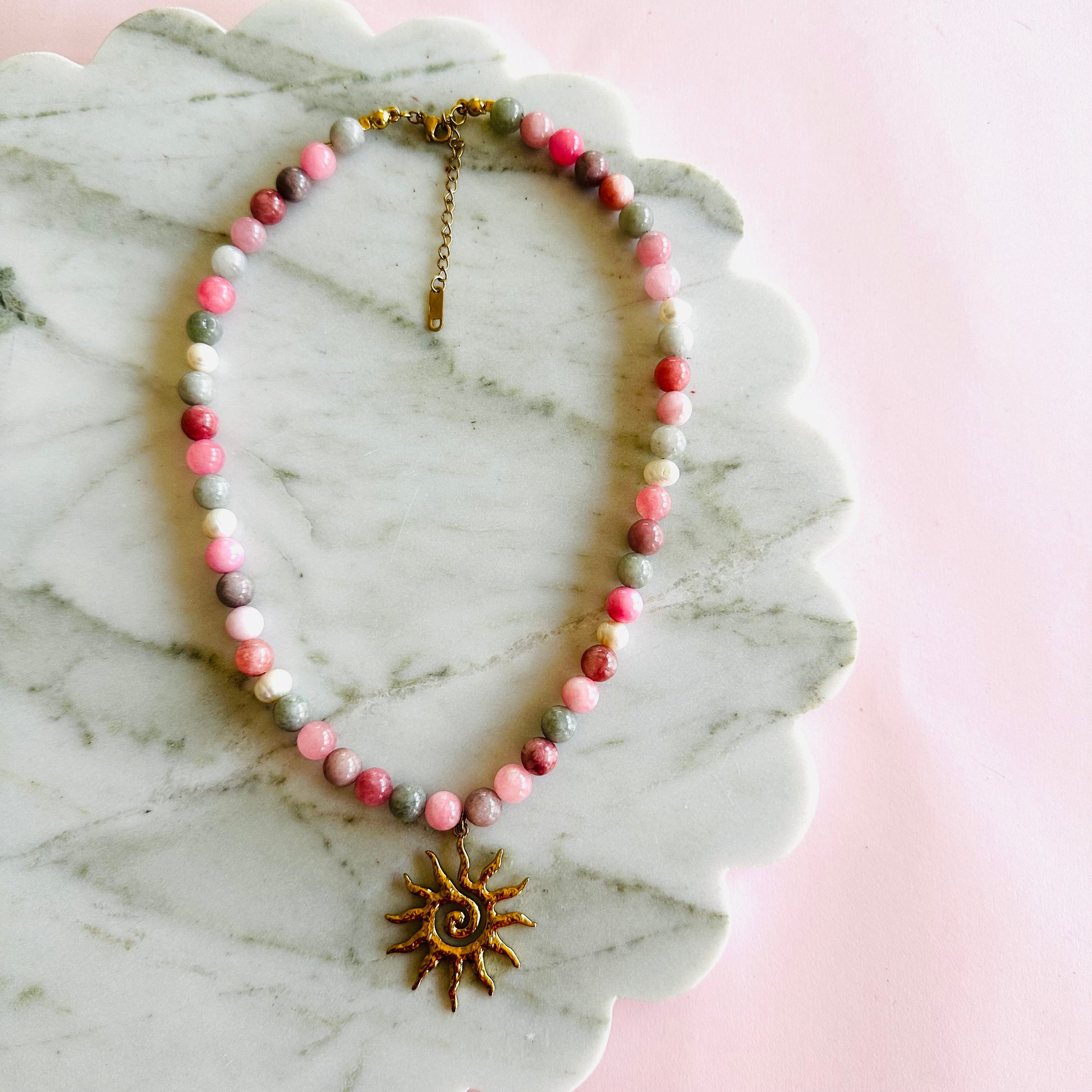 Soft pink, rose, and earthy green beads with a bold sun charm in the centre. Easygoing but eye-catching—perfect for everyday wear with a bit of warm, happy energy. Non-tarnish gold stainless steel sun charm and hardware.
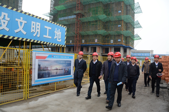 2016年11月17日下午,國貿(mào)集團(tuán)董事、副總經(jīng)理程保銀一行到安糧中心項(xiàng)目檢查安全生產(chǎn)情況,并對安全生產(chǎn)提出了指導(dǎo)意見。安糧集團(tuán)黨委副書記、安糧置地董事長孫毅等陪同檢查。
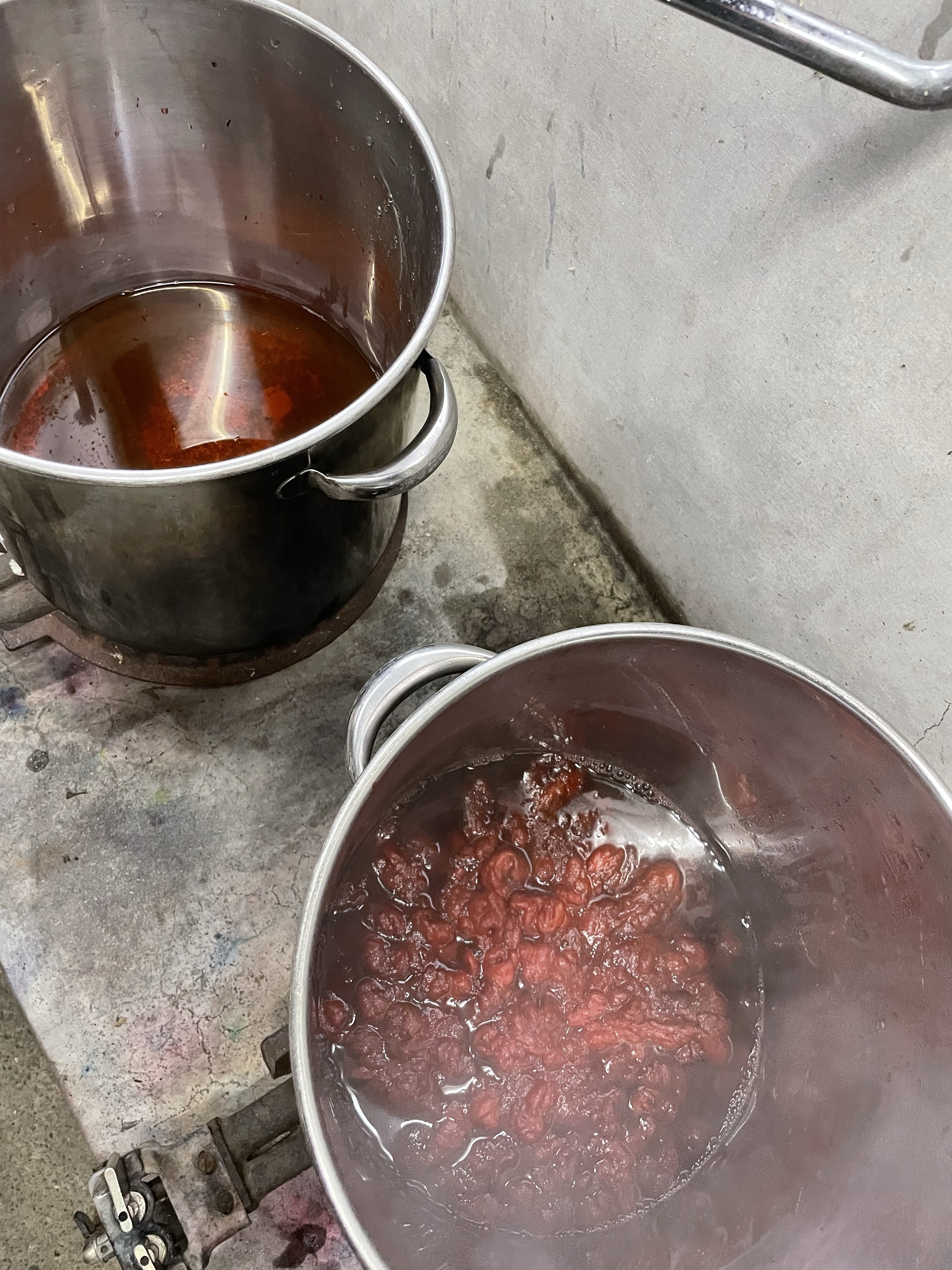 媒染(mordant) 繊維と色素の結びつきを助ける工程。アルミ系や鉄などを目的に応じて使用。
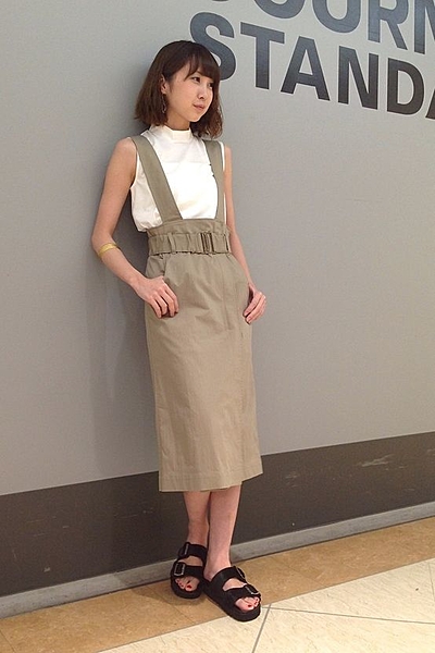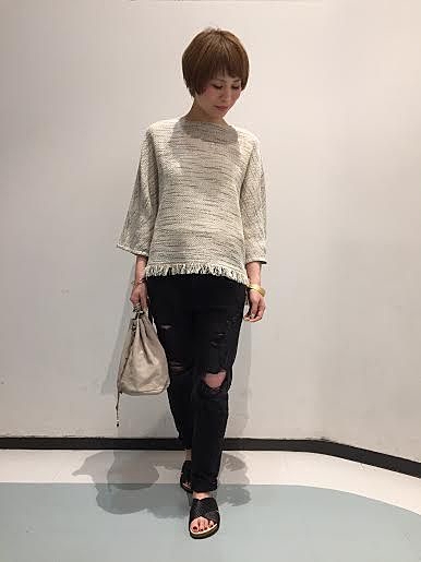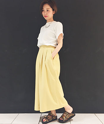 ワンピースやカチッとしたパンツ等とあえて合わせるのがおススメ。
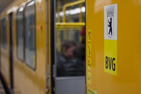 Berlin, Germany - march 30, 2016: Closeup of the public transportation company logo (BVG) and the berlin emblem (berlin bear) on metro train.
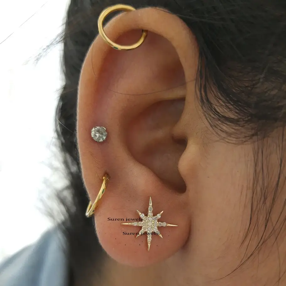 Shine with our exquisite 14k gold diamond starburst studs. These solid gold star earrings feature dazzling pave diamonds, offering timeless elegance. Perfect for charm lovers and jewelry retailers. Wholesale available at Suren Jewels.
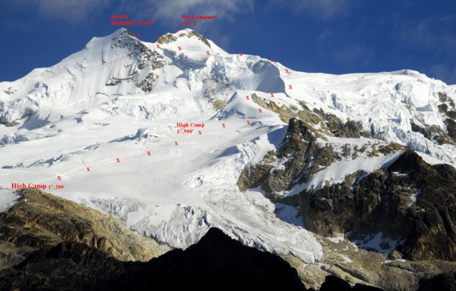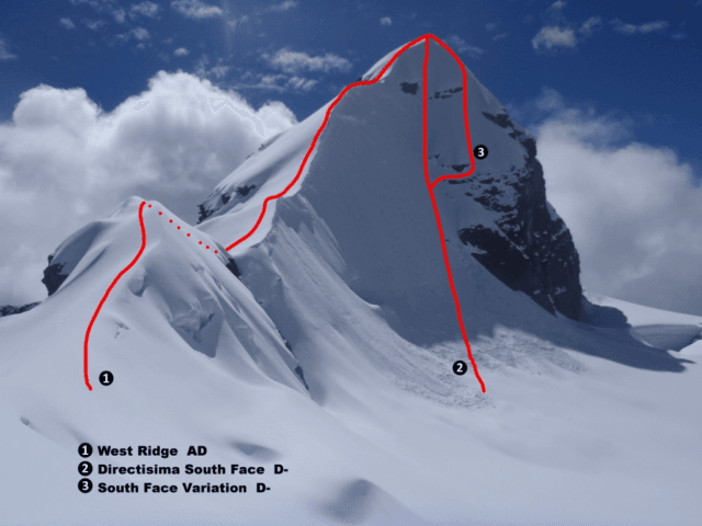 Located at the Condoriri Group in La Coordillera Blanca in Bolivia it stands at 17,749 ft / 5,410 m. The Pequeño Alpamayo, or Little Alpamayo is located at the Condoriri Group in La Coordillera Blanca in Bolivia. It is a pyramid of snow, with the standard route being about 55 degrees, snow, nice in the morning, but sticky later in the day. It was first climbed in August 1962 by South Africans Irene and Keith Whitelock. We will take the West Ridge route.
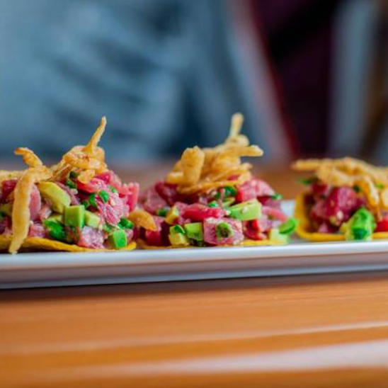 Crujiente chicharrón de atún sobre cama de guacamole.
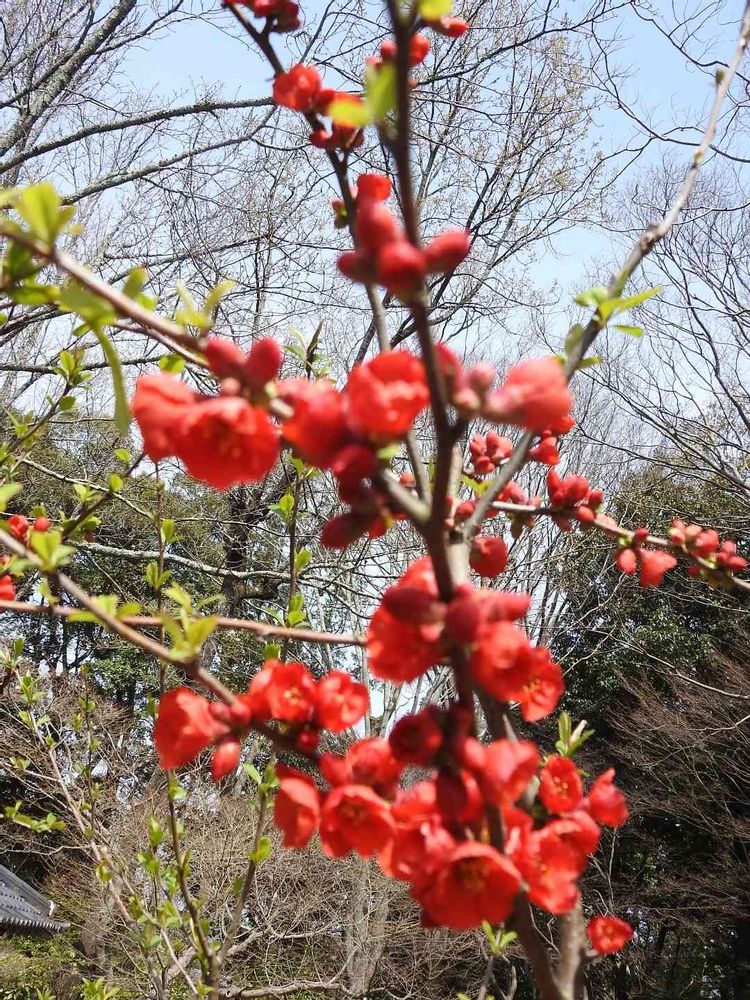 満開の赤い花🏵️木瓜 ボケ🏵️
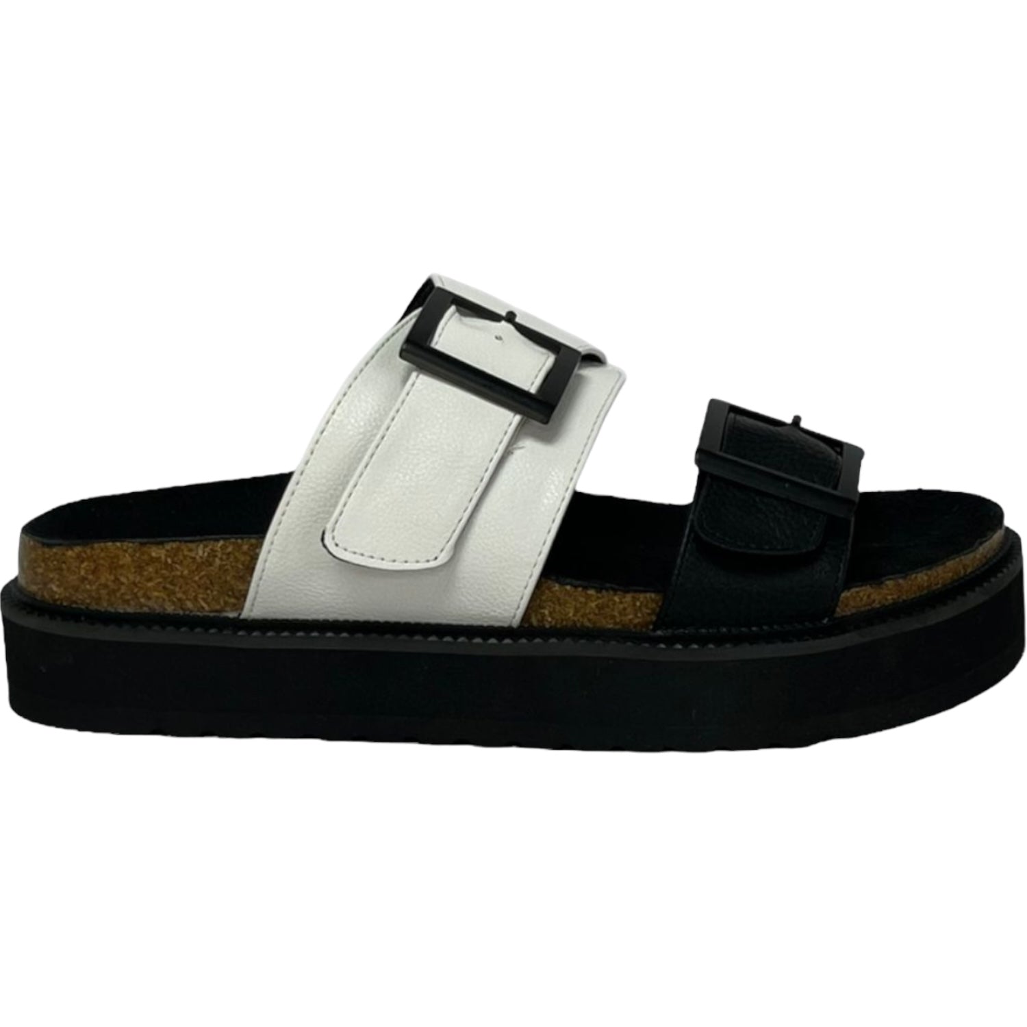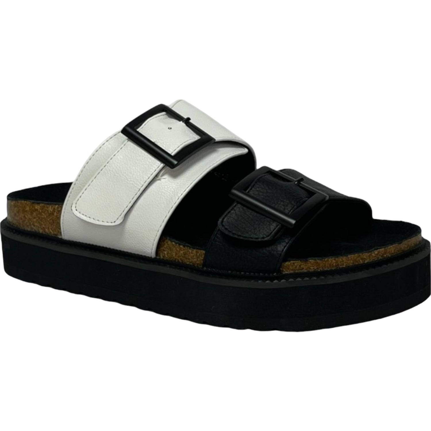 La sandalia Detogni modelo London destaca por su diseño moderno en contraste blanco y negro. Con plataforma de 5 cm y plantilla acolchada, entrega confort y estabilidad en cada paso. Sus dos correas anchas con hebillas metálicas ajustables aportan un estilo urbano y versátil, ideal para acompañar looks casuales con un toque sofisticado.

::::

-- Task goal --
Where pictures appear, drop them, and reproduce exactly only the lines running from the beginning of the data to the line that contains "Shine with our", inclusive.

-- Solved problem --
 Soft pink, rose, and earthy green beads with a bold sun charm in the centre. Easygoing but eye-catching—perfect for everyday wear with a bit of warm, happy energy. Non-tarnish gold stainless steel sun charm and hardware.
 2016年11月17日下午,國貿(mào)集團(tuán)董事、副總經(jīng)理程保銀一行到安糧中心項(xiàng)目檢查安全生產(chǎn)情況,并對安全生產(chǎn)提出了指導(dǎo)意見。安糧集團(tuán)黨委副書記、安糧置地董事長孫毅等陪同檢查。
 媒染(mordant) 繊維と色素の結びつきを助ける工程。アルミ系や鉄などを目的に応じて使用。
 ワンピースやカチッとしたパンツ等とあえて合わせるのがおススメ。
 Berlin, Germany - march 30, 2016: Closeup of the public transportation company logo (BVG) and the berlin emblem (berlin bear) on metro train.
 Shine with our exquisite 14k gold diamond starburst studs. These solid gold star earrings feature dazzling pave diamonds, offering timeless elegance. Perfect for charm lovers and jewelry retailers. Wholesale available at Suren Jewels.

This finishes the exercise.